Intel has show that they are unable to manage their cash position why should tax payer reward a failed executive team and BoD?
Then even if we are gonna infuse intel with taxpayer cash, why should not US Treasury take an equity position for their "risk" as any normal investor would?
I understand why that may seem like a fair solution on the surface, but it's because that would make Intel a part federally owned company, and in general it is avoided to have publicly owned companies competing against private companies. Which in this case would be Nvidia, AMD, Comcast, Qualcomm etc. It's a huge conflict of interest, and would easily be seen as unfair competition, possibly also by trade partners.
There might also be legal issues, internally in USA, and with WTO and other trade agreements.
So it's kind of opening a can of worms that is better left closed. It's not that I don't understand where you are coming from, but trust me, regulation is way better than a government taking control.
Intel may collapse, but then maybe one of the previously mentioned companies may pick up the remains, and built it better. This is why we need to have free competition.
I am not aware of any law on the books that prevents US government from taking equity stake in a corporation. German states take equity in companies.

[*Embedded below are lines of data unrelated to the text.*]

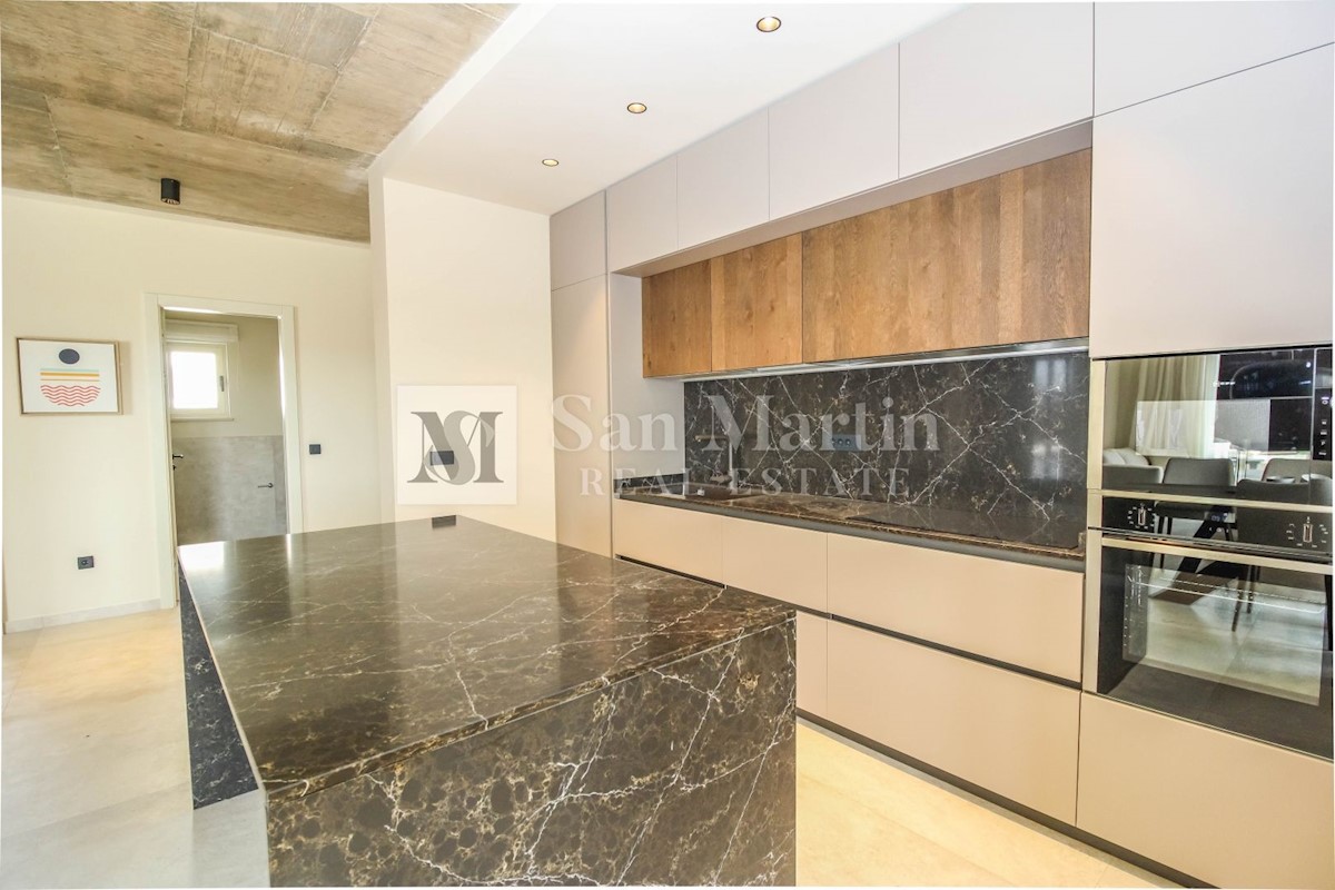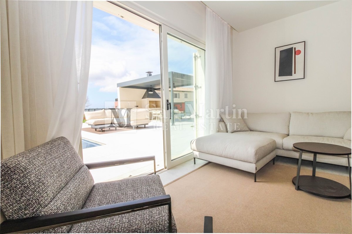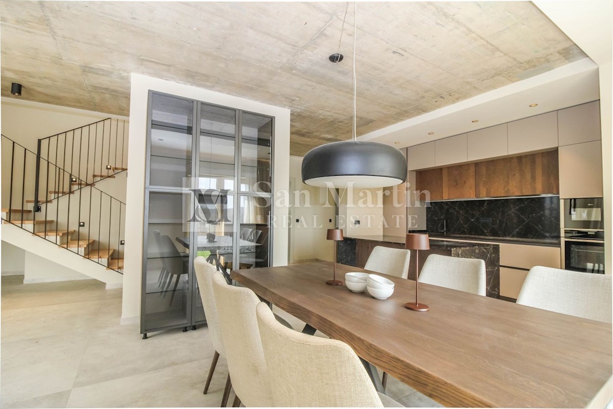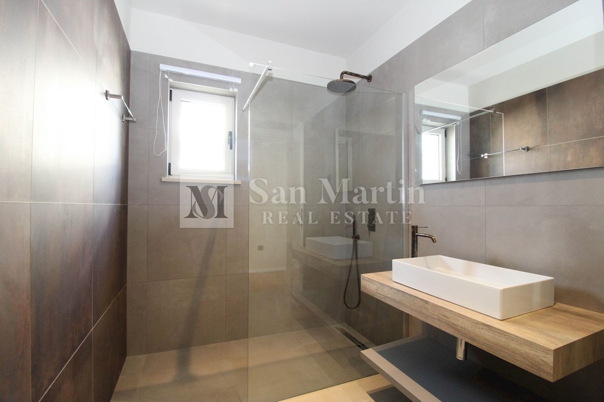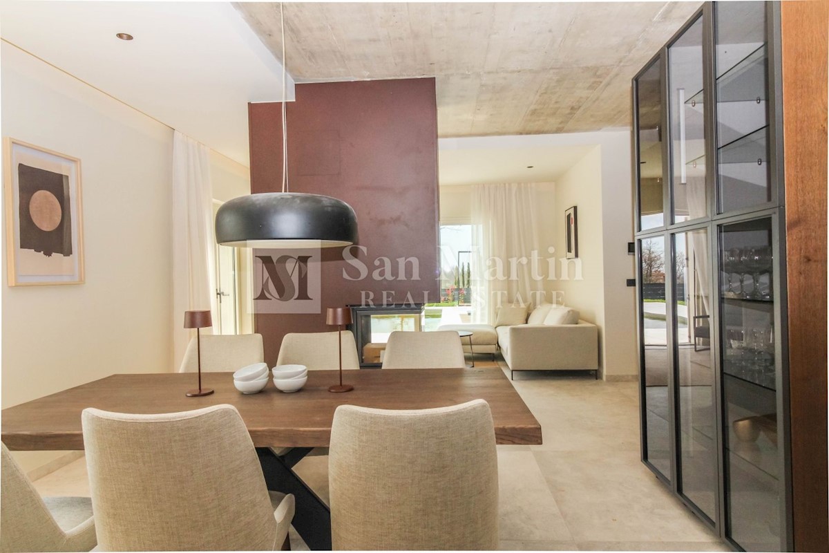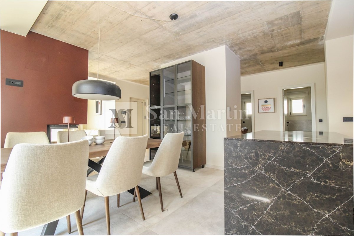 Poreč - okolica U mjestu nedaleko od Poreča smjestila se ova atraktivna kuća modernog uređenja. Ova novoizgrađena kuća se nalazi na rubu lijepog naselja sa kojega se pružaju lijepi pogledi na vinograde i zelenilo. Njena površina iznosi cca 180 m, te se
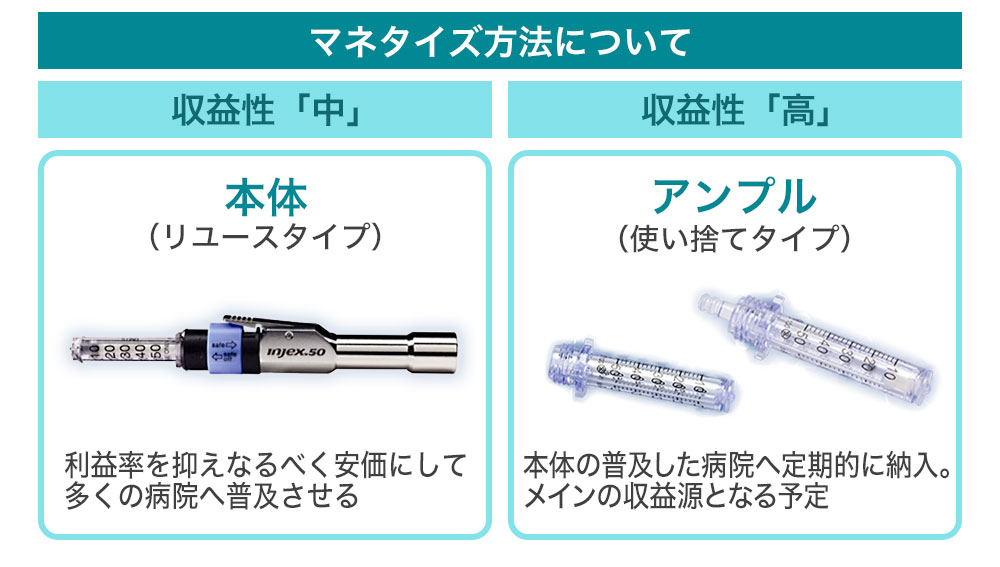 注射器本体(インジェクター)の導入が完了したら、使い捨てで利用するアンプルを定期的に納品して安定的に収益を確保する計画です。
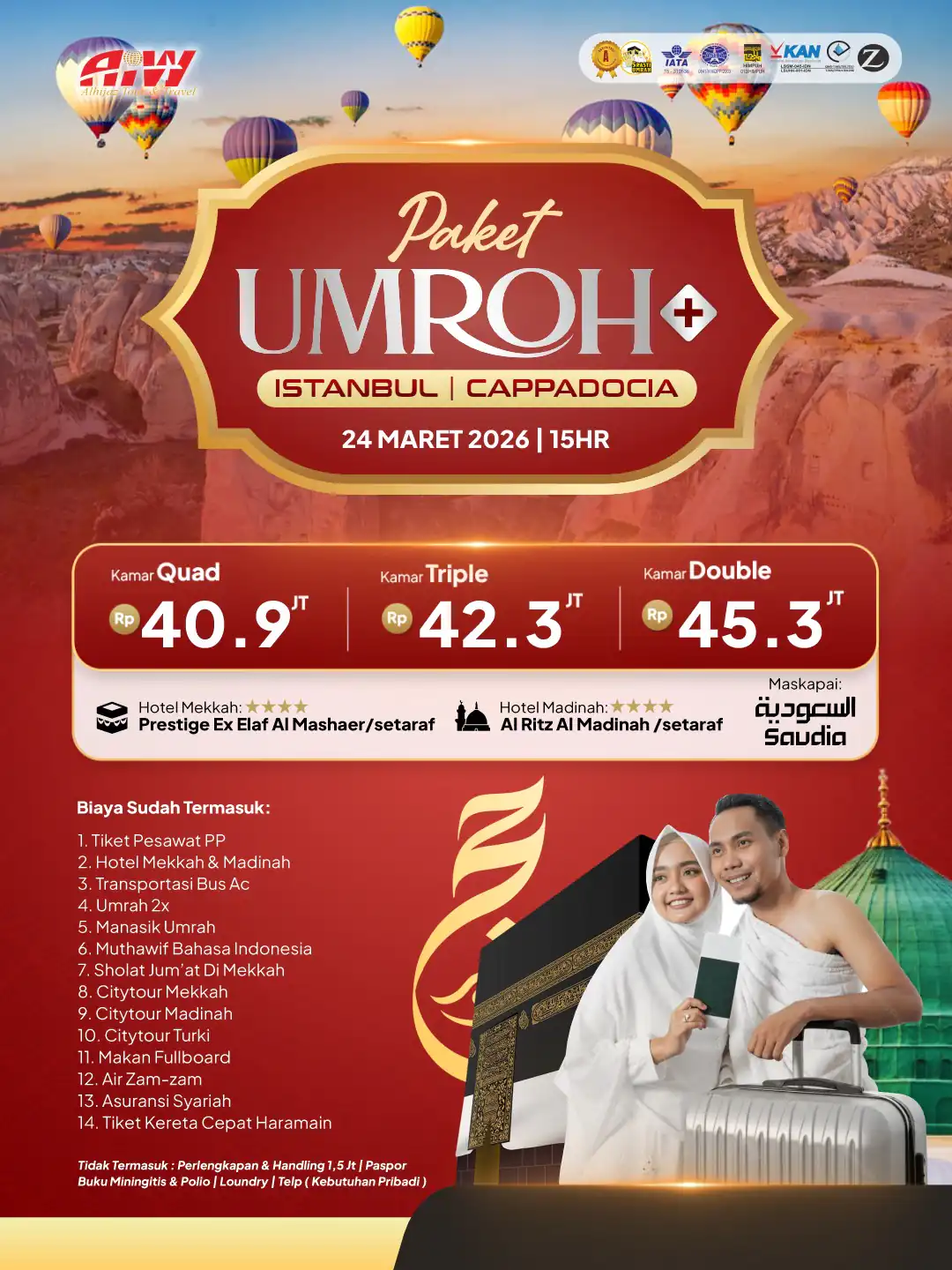 Paket Umroh Promo 2026 dengan Biaya Umroh Murah dengan pilihan paket 9-17 hari pesawat Landing Madinah dan Jeddah, Hotel *5
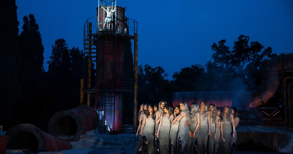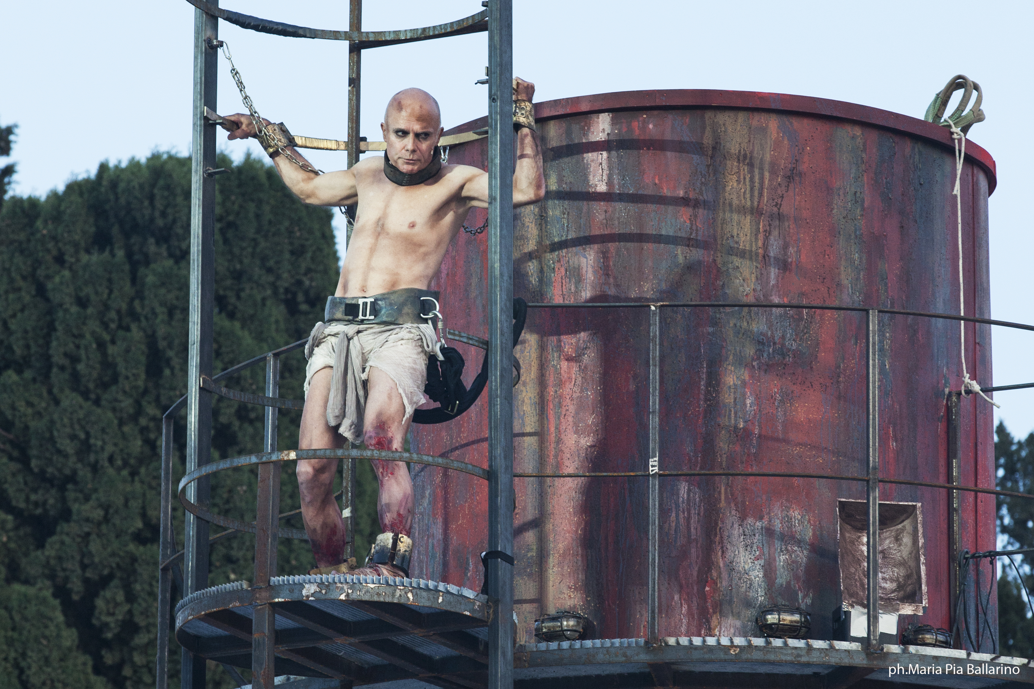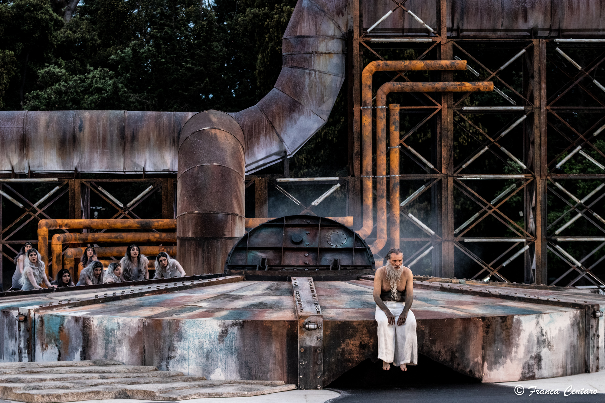 Il rumore d’una cancellata sgangherata spezza i timpani ma è incredibilmente solenne ché, a modo suo, promette una “azione” che in “Prometeo incatenato” di Eschilo - apertura di stagione dell’Inda al Teatro antico di Siracusa fino al 4 giugno, regia di Leo Muscato, nell’italiano snello di Roberto Vecchioni, teatrale quanto basta nel contributo di Francesco Morosi - l’azione, dunque, sembra negarsi. E’ una stasi apocalittica e riarsa. Ruggine come erba. Dappertutto. E’ sulla ciminiera a cui è incatenato il titano, mortifica un sofisticato “reame” industriale che fu, ne è incrostata una cisterna. E poi quel binario morto, vivissimo nelle minacce dei “missi dominici” del potere - Kratos, Bia, Efesto, Oceano, Hermes - per cui Prometeo è diventato uno scandalo.

China and Russia have straight majority owned mega corps.
US took equity stake in GM when it bailed them out.
I know there was a huge bruhaha about it but it was just that owner class refusing to face the music for their fucks up.
Nothing is stopping treasury from making tidy profit from their investment like they did with GM.
Current system enables parasitic behavior from owners and executive teams while life for for bottom 80% of taxpayers has been shite... yet every time owner class needs bail out, these people have to pay for it.